Proposition 131 would put Arizona in line with the majority of states that run governors and lieutenant governors from the same party on a general election ticket.

Julia Brossart, executive director of the National Lieutenant Governors Association, said 45 states have an office of lieutenant governor and in 26 of those states, the governor and lieutenant governor are elected together.

Brossart said that having a lieutenant governor is the “smoothest, most understood way for succession to occur,” but that there is a wide variety between states on how the lieutenant governor gets on the ticket.

“There are a few states where the lieutenant governor comes through a primary separate from the governor. We call it an arranged marriage,” Brossart said. “They come through the primaries separately but then they run on the election ticket together.”

This is not the first time Arizona voters have been presented with the question of whether the state needs a lieutenant governor. In 1994, voters overwhelmingly rejected a proposal known as Proposition 100, which would have required the governor and lieutenant to be nominated together.

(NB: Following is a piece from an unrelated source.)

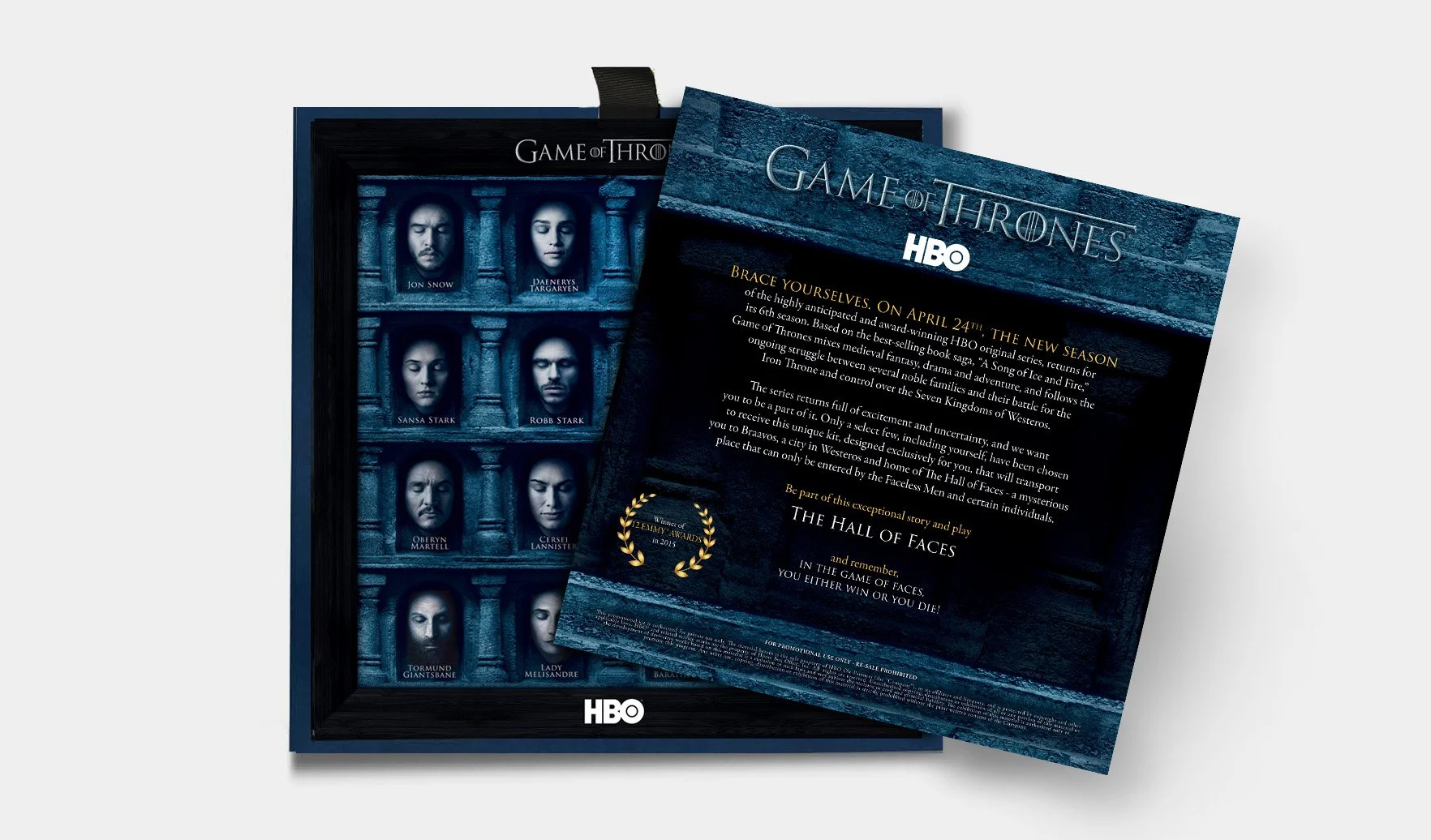 To generate intrigue and excitement around the premiere of Season 6 of Game of Thrones, we created a premium Affiliate gift – “The Hall fo Faces” game set – that brought to life one of the most memorable childhood games, “Guess Who?”.

In 2010, voters rejected a variation of the “arranged marriage” plan, where the governor and lieutenant governor would have run together after being nominated separately in the primary. Proposition 111 that year would also have made the secretary of state the lieutenant governor.

“It created this convoluted way that you elect the two of them – they don’t actually run together,” Mesnard said of the 2010 proposal.

“After it failed it just sort of faded into the background until recently,” he said. “I and others, on both sides of the aisle, began talking about the importance of this from a continuity standpoint.”

Mesnard said the previous versions failed due to “a lot of design flaws,” but he hopes that this time will be different due to the latest version addressing “concerns that were raised in prior versions.”

The latest version is modeled after presidential elections, in which each party’s nominee selects a vice presidential candidate to run with them in the general election, a model voters are familiar with. And with the continued migration to Arizona, Brossart said many voters are already “familiar with the governor and lieutenant governor in state government.”

“When voters vote, they understand what they are voting for a little better than the current set-up in Arizona,” she said. “All of those folks moving in may not fully appreciate, or not understand that when they are voting for secretary of state, they are voting for their successor — it’s not what most states do.”

Unlike a secretary of state, a lieutenant governor is clearly the successor to the governor, Mesnard said. That will let Arizona voters make a better-informed decision on who takes over should the governor die, step down or be removed from office – all of which have happened since the 1970s.

“It’s important to have the second person in line be someone the voters understand who they were voting for,” Brossart said.